ENTRIES PROVIDED
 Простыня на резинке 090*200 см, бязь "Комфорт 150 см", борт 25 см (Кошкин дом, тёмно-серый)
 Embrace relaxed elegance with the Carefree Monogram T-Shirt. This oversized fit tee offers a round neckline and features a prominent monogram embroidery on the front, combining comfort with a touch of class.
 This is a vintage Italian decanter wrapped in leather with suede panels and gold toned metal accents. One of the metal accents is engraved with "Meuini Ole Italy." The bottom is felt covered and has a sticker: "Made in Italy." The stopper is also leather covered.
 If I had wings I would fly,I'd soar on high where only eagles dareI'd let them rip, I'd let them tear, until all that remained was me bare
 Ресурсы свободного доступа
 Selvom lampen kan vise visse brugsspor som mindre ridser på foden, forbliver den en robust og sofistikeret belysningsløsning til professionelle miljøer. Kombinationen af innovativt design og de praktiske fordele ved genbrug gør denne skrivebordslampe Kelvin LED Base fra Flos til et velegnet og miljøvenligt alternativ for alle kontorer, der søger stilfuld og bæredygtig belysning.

==

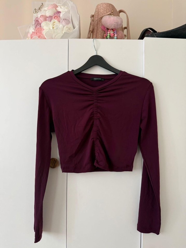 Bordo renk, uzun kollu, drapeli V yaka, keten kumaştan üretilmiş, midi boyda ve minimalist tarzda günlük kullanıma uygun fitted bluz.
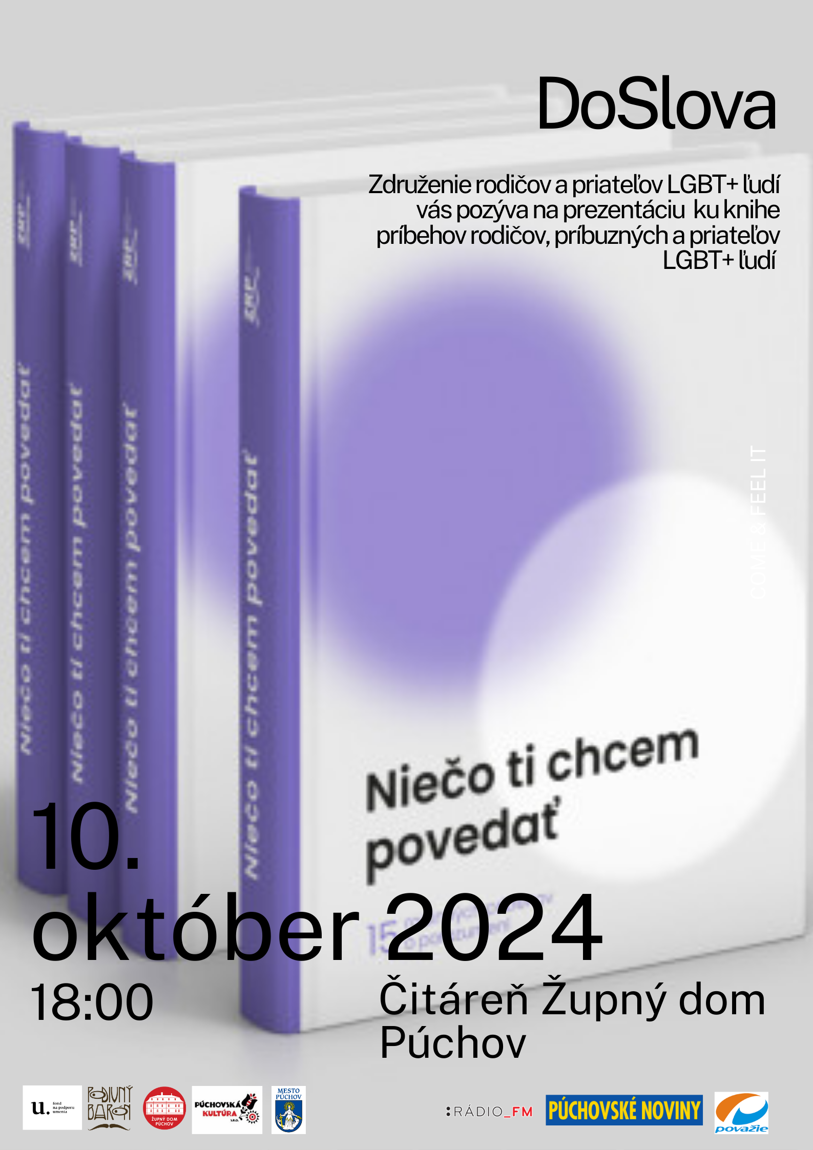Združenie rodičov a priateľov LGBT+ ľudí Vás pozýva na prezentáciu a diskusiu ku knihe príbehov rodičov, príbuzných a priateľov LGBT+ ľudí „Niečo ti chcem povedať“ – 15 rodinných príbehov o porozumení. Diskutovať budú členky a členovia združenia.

---

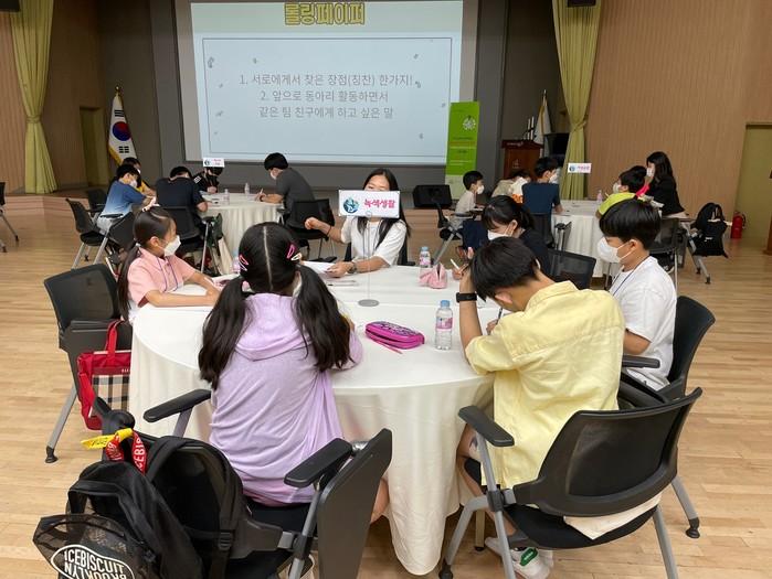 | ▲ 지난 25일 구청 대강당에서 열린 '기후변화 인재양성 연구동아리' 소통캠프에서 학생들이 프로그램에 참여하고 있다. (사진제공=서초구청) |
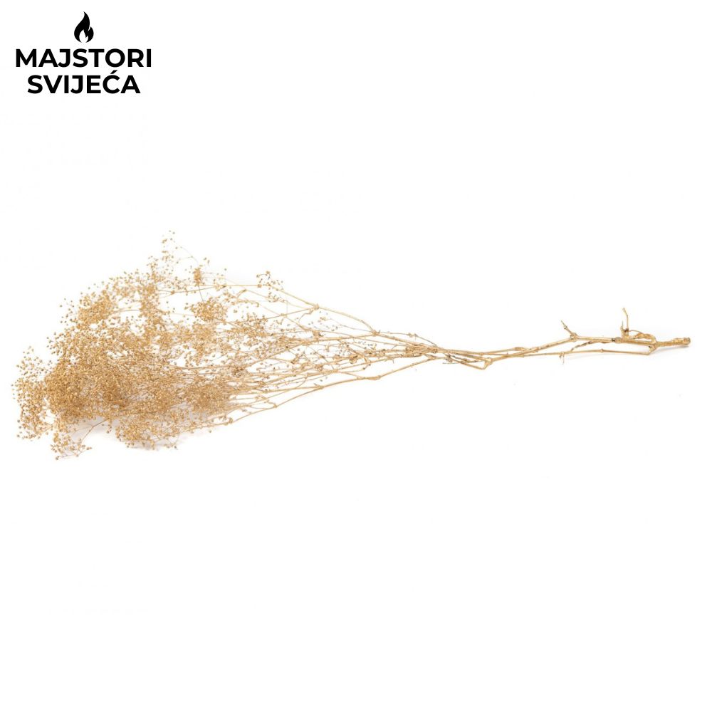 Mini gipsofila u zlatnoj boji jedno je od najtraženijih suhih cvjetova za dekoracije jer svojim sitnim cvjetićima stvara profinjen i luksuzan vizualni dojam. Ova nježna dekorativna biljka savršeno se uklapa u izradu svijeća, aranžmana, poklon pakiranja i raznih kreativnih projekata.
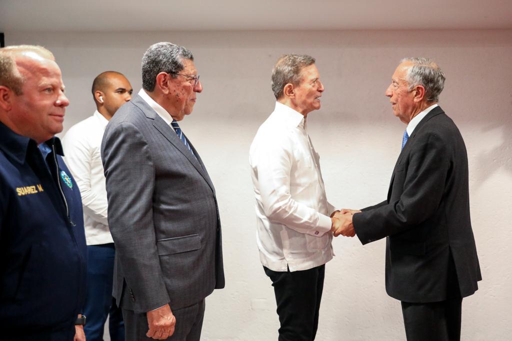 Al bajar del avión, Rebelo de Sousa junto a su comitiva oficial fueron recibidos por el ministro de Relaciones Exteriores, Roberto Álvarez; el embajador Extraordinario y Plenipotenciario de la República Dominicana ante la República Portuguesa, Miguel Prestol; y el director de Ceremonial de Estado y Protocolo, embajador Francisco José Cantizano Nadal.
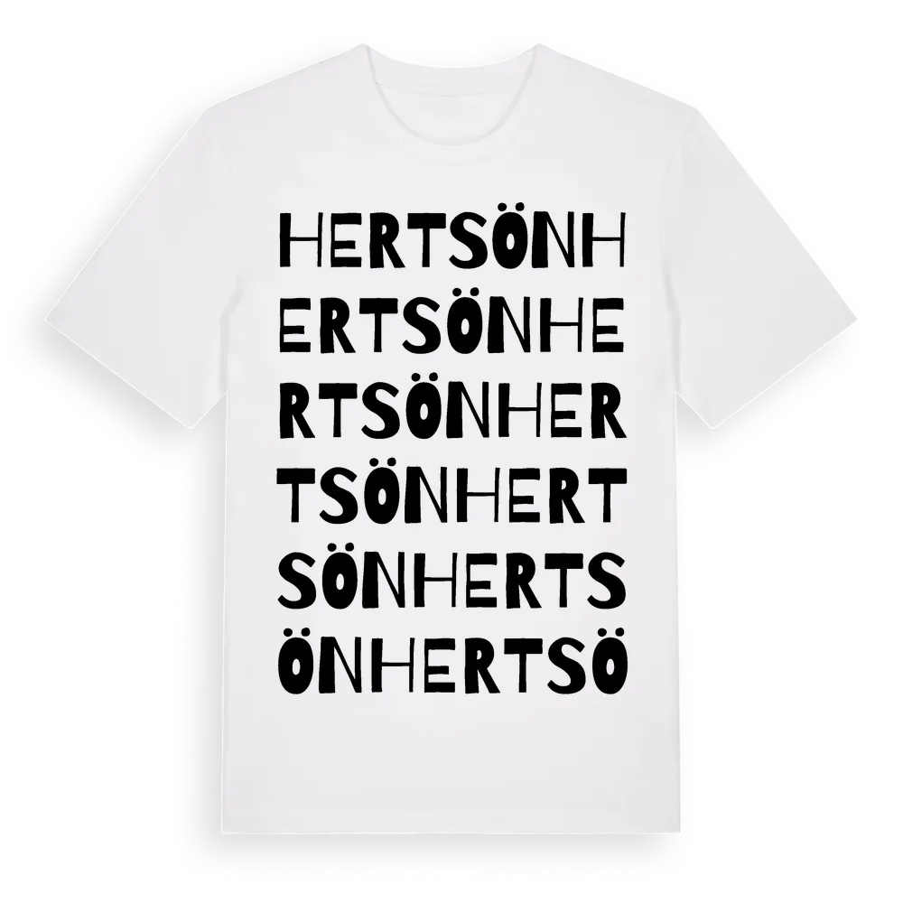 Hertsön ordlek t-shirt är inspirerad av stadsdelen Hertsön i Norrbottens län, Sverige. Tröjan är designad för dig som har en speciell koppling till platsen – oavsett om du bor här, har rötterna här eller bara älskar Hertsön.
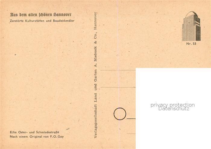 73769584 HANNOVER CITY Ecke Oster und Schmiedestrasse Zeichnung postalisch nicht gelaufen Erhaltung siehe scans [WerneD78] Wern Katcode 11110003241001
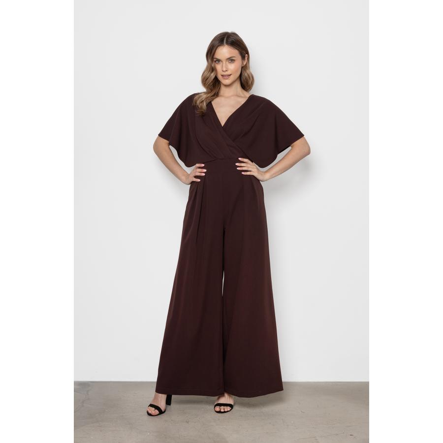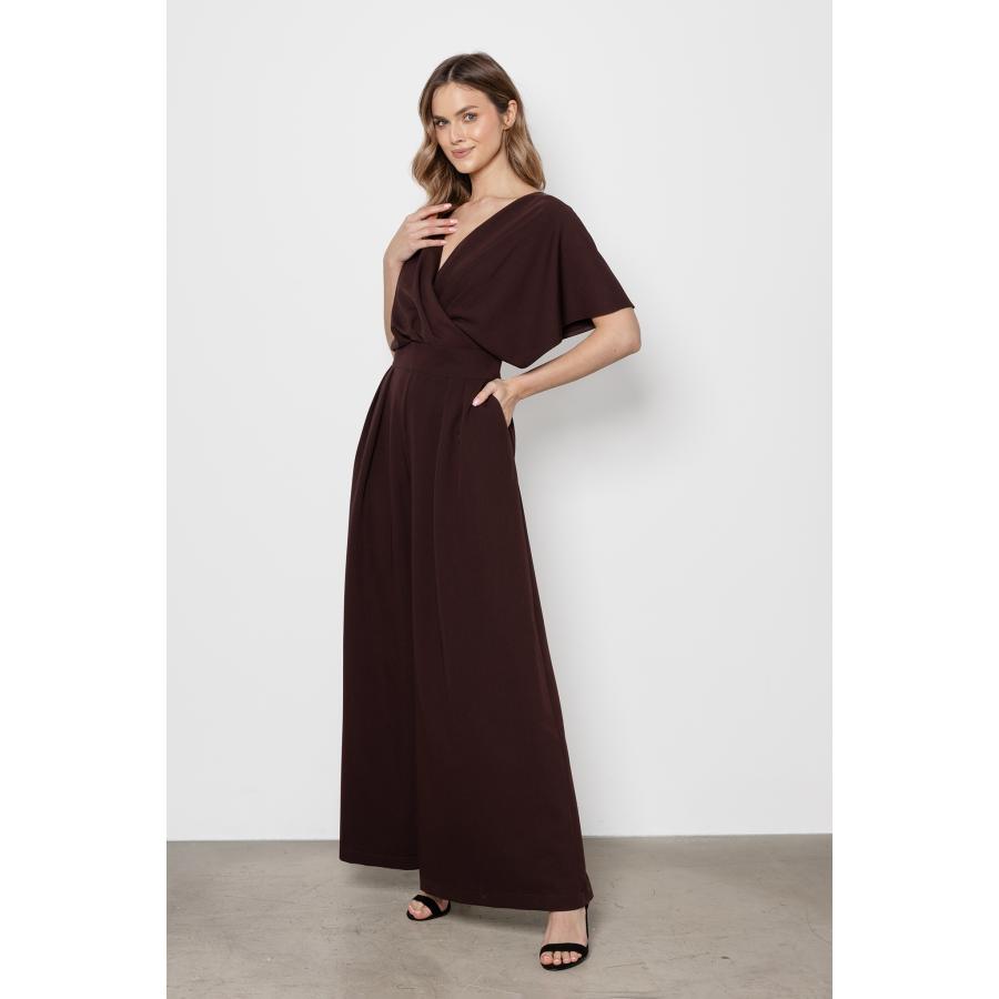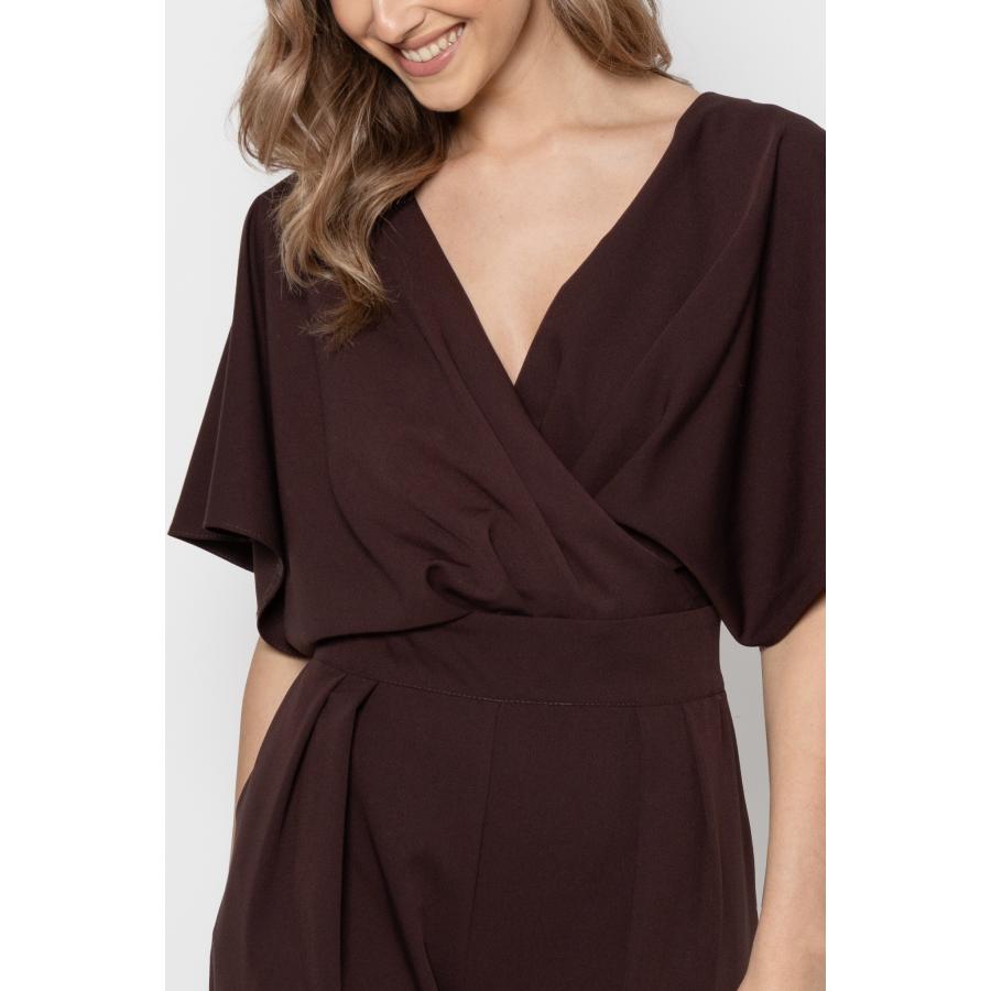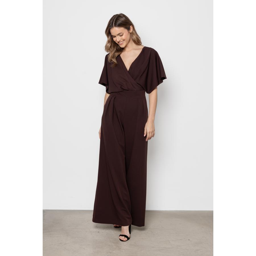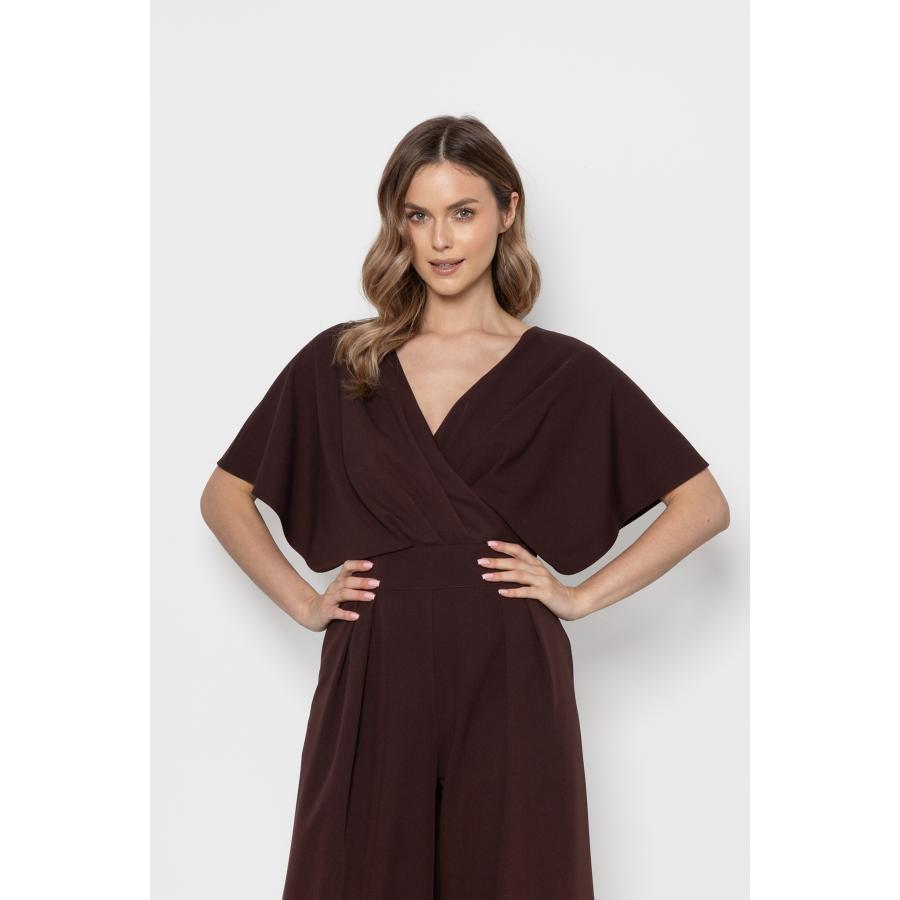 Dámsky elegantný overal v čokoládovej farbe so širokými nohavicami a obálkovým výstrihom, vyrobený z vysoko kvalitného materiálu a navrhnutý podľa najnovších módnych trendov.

ASSIGNED TASK
Your answer should be a single number: the count of lines in the entries that hold the string "This".

THE ANSWER
2